Chris: (Laughs) Yep.
Gina: Everything went into this todo text file. And then I had a done.txt file, right? So when you marked something as done it moved into this other file. And I was, like, really proud of it! I used to, for just years and years it got thousands of lines long. But it got to a point where I was like, “This file is just a pile of bits and bytes. It is a monument to a set of past intentions.” I added stuff… you know, at a faster pace then I’d check stuff off. It got to a point where it wasn’t reflective of my actual day-to-day life, because I never really pruned it. I never really had to, right?
Chris: Interesting. Right.
Gina: A digital file just can grow and grow and grow, there’s no limit, right, to how much you can do.
Chris: There’s no consequence. That’s right.
Gina: There’s no consequence. And I realized that I hated working on it, because it felt… being at the computer, or like having to manage it from my phone felt like work, and I wanted to feel like, you know, this is a place where I can dream, and put down intentions and clarify in my head what it is I actually have to do. So, I… after like ten years of working on this open source project, I finally was like “I’m gonna try something different.” I read about bullet journaling…
Chris: Mm.
Gina: Which is, if you… I think it’s bulletjournal.com. It’s a great story. There’s this designer named Ryder Carroll, who, to develop this… I mean, it’s just a system for writing things down in a notebook. (Laughs)
Chris: Well…
Gina: But he, you know, he talks about, he has… you know, he struggled with ADHD, and he struggled with focus and executive functioning, and this just ability to organize himself and what was in front of him each day, and so he developed this system, right?
Chris: Yeah.
Gina: To write down events and tasks.

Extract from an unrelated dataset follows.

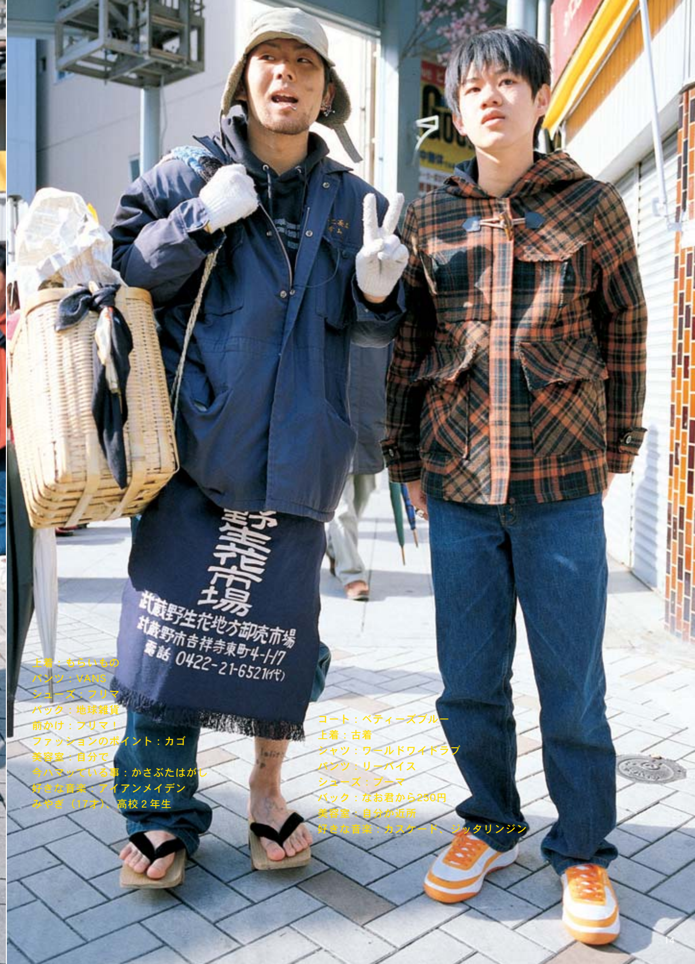
上着：もらいもの パンツ：VANS シューズ：フリマ バック：地球雑貨 前かけ：フリマ! ファッションのポイント：カゴ 美容室：自分で 今ハマっている事：かさぶたはがし 好きな音楽：ダイヤモンド みやぎ (17才)、高校2年生

And, you know, I was like… basically, what you do is, each day you write a page. And you write down your tasks. Like, the things that are most important that you have to do. And it seems really inefficient. Like, for someone like me who loves efficiency, and loved the idea of like, invoking an Alfred workflow, and just shooting off, you know, a task to my… just shelving something really quickly, the idea of having to get a pen and carry a physical notebook, and this idea that I could lose it or it could get set on fire, or someone else could read it…
Chris: (Laughs) Yep.
Gina: …or it wasn’t backed up to my Dropbox.
Chris: Yep.
Gina: That I’d have to, you know, like have ink and a pen… you know, all the things.
Chris: All the things.
Gina: Like, it seemed bananas. But I was also like, I just wanna try something different. I wanna, like, organize myself a little bit better. Because I feel just, sort of, overwhelmed and depressed because I’m never gonna get all these things done, and I’m just gonna declare to-do list bankruptcy, and try this system. This was, like, in February of 2018. And it’s been… (Laughs)
Chris: Five years.
Gina: It’s been five years, and I’ve got a shelf full of my bullet journals. Like, full of, you know, of my day-to-day. And I write down the events for the day, so I’m literally copying from my calendar, and then, like, it’s usually three or four tasks that are really important.
Chris: For the day.
Gina: For the day. It’s been so good. Now, I love just like the tactile feeling… I got myself a fancy pen that I love. I love notebooks. I love that feeling of pen on paper. So it’s like, a… it’s like a break, it’s like a luxury, and I can turn away from the computer or screen and have this moment. It feels… there’s an intimacy to it. It’s like my notebook, you know? (Laughs)
Chris: Yes, completely.
Gina: Yeah.
Chris: I think this is not, like, a small detail about this. This is, you’re getting at the core of why I think this kind of move is so effective. Because there… it does feel like a break. It does feel like, I’m doing something that is very intentional, and very focused, because I don’t have 13 other windows…
Gina: That’s right.
Chris: That are, you know, staring at me and competing for my attention. I don’t have notifications popping in that are looking to steal my eyeballs away. I am sitting down. And even just the act of writing is…
Gina: Yes.
Chris: It’s different than typing, right?
Gina: Yes.
Chris: It is… I mean, you are literally using different muscles when you do that, but the way that your brain approaches something like that, they’re very different! Like, neurologically. You know, you are… you’re exercising different parts of your brain.
Gina: Yes.
Chris: And so, it makes complete sense to me, and I very much have the same kinds of feelings when I do something tactile, is like, oh, I’m like, lighting up new pathways…
Gina: Yes.
Chris: And new parts. And it feels good, it feels different, it feels like I get some space from looking at the piece of glass, like you were saying, that we spend so much of our lives looking at. I mean, we’re technology professionals, like, you know, we look at a computer screen for nine hours a day. And it’s like, and then we look at our phones.
Gina: Right.
Chris: And so, being able to separate from that a minute, and say “We want to change how we are thinking about this, and in order to change you have to change the medium.”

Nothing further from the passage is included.